What does the result tell you?
• If the indicator is reading less than 16, your weight is very low.
• If you are between 16-18.5 you are thin.
• If you are between 18.5 to 25 your weight is normal.
• If you are between 25-30 you are overweight.
• If you are 30-35, you are obese.
• If you are over 35, you are suffering from excessive obesity.
Another way to measure obesity is through waist circumference. The fat around the waist is more dangerous than the fat in the buttocks or any other part of the body. Retracting of waist measurement means a decrease in the amount of fat in the body.
Does obesity really endanger our lives?
According to a study published in the New England Journal of Medicine, obesity is an increasingly public and global health crisis. "Those who ignore they are overweight are putting themselves at risk - the risk of cardiovascular diseases, diabetes, cancer and other life-threatening diseases” said Dr. Christopher Murray, director of the Institute of Health Metrics and Assessment at the University of Washington.
Are there any reasons for obesity you may not know?
1. Lack of sleep: the first reason is obvious - if we stay up late, the possibility of eating snacks in the late hours of the night increases significantly. This will increase the consumption of daily calories, and will over time cause obesity. The second reason is biochemical - when we deprive ourselves of sleep, it changes the levels of hormones that lead to an increased feeling of hunger. It also makes us feel that the typical amount of food that we eat, which usually makes us full, is not enough, thus we eat more.
2. Stress: when life becomes more intense the body enters into a state of defense where it releases the stress hormone cortisol. It makes us crave "comfort food", a foods that is rich in calories, which is considered a fertile ground for obesity.
3. Taking antidepressants.
What are the ways to prevent obesity?
· Reduce the proportion of foods that cause an increase in weight, including ready-made food, fast food and fried food.
· Focus on food that maintains the health of the body, as it contains all the nutrients like vitamins, minerals, fiber and protein, such as: vegetables and fruits, whole grains, and low-fat or low-fat dairy products.

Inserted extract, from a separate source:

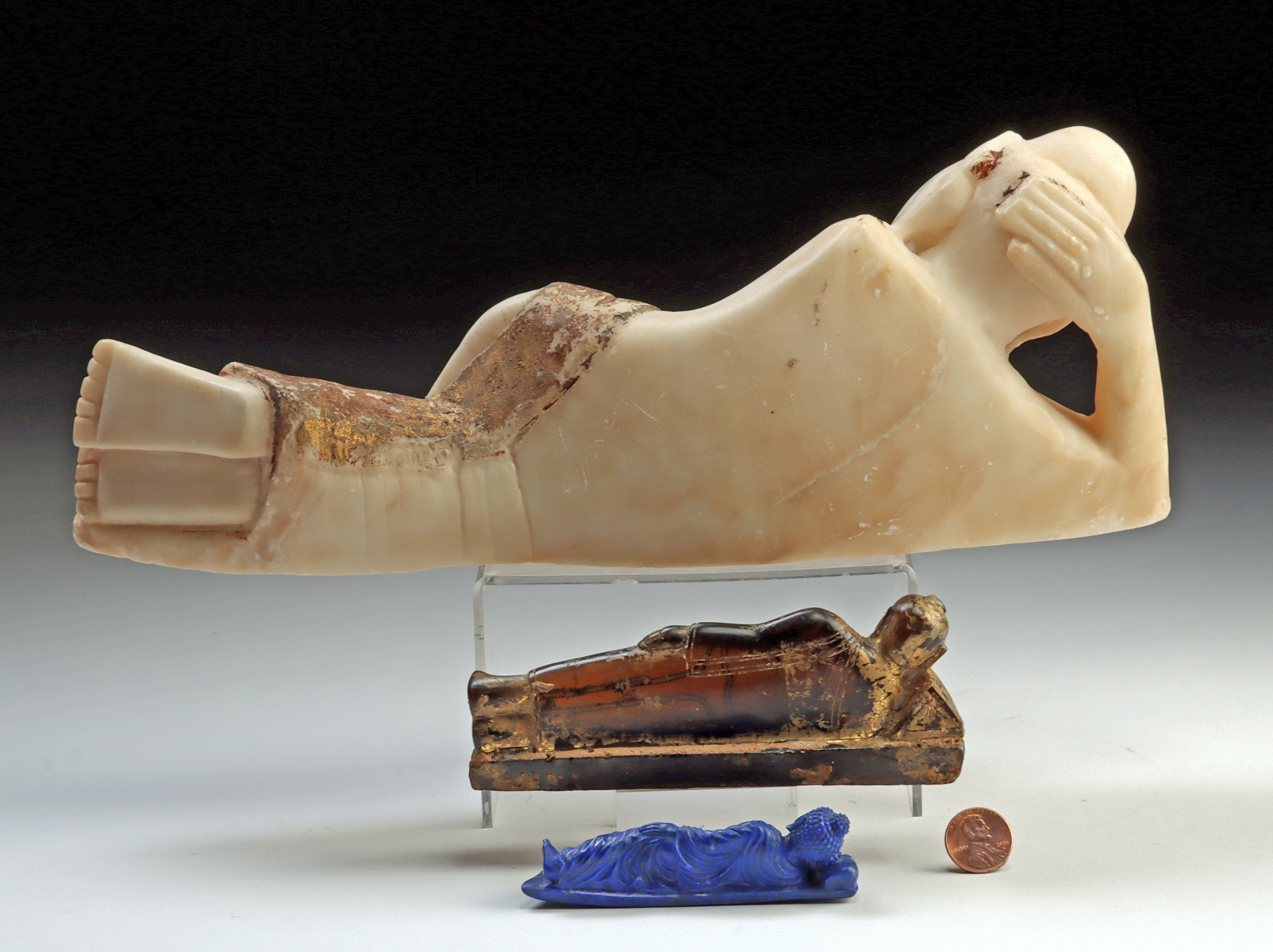 Lot 189a, Auction 4/3/2026: Burmese Reclining Buddhas – Marble, Glass, Lapis Lazuli

· Follow the healthy ways of preparing food while preparing it at home. Boiling or roasting are the best methods. Try to move away or minimize frying.
· Reduce the amount of food you eat during the day. The amount you consume should contain the highest proportion of fiber and the lowest proportion of carbohydrates.
· Avoid soft drinks and canned juices, reduce the fruit juices as they also contain sugar, and replace them with vegetable juices such as beet juice.
· Drink water before eating, as it helps increasing the feeling of fullness and reduce the amount of needed food.
· Exercise or practice sports activities of different types, as they help in burning excess calories, contribute to strengthening the body and increase the muscle mass that stimulates fat burning in the body.
And last but not least, don’t shop while hungry, to avoid the purchase of unhealthy foods.
In conclusion, we must pay attention to the issue of our weights as obesity is linked to many diseases. We should watch out for our children if they suffer from obesity, introducing them to programs of reducing weight, and motivating them to eat healthy to avoid health problems in the future.
May you always stay healthy and well!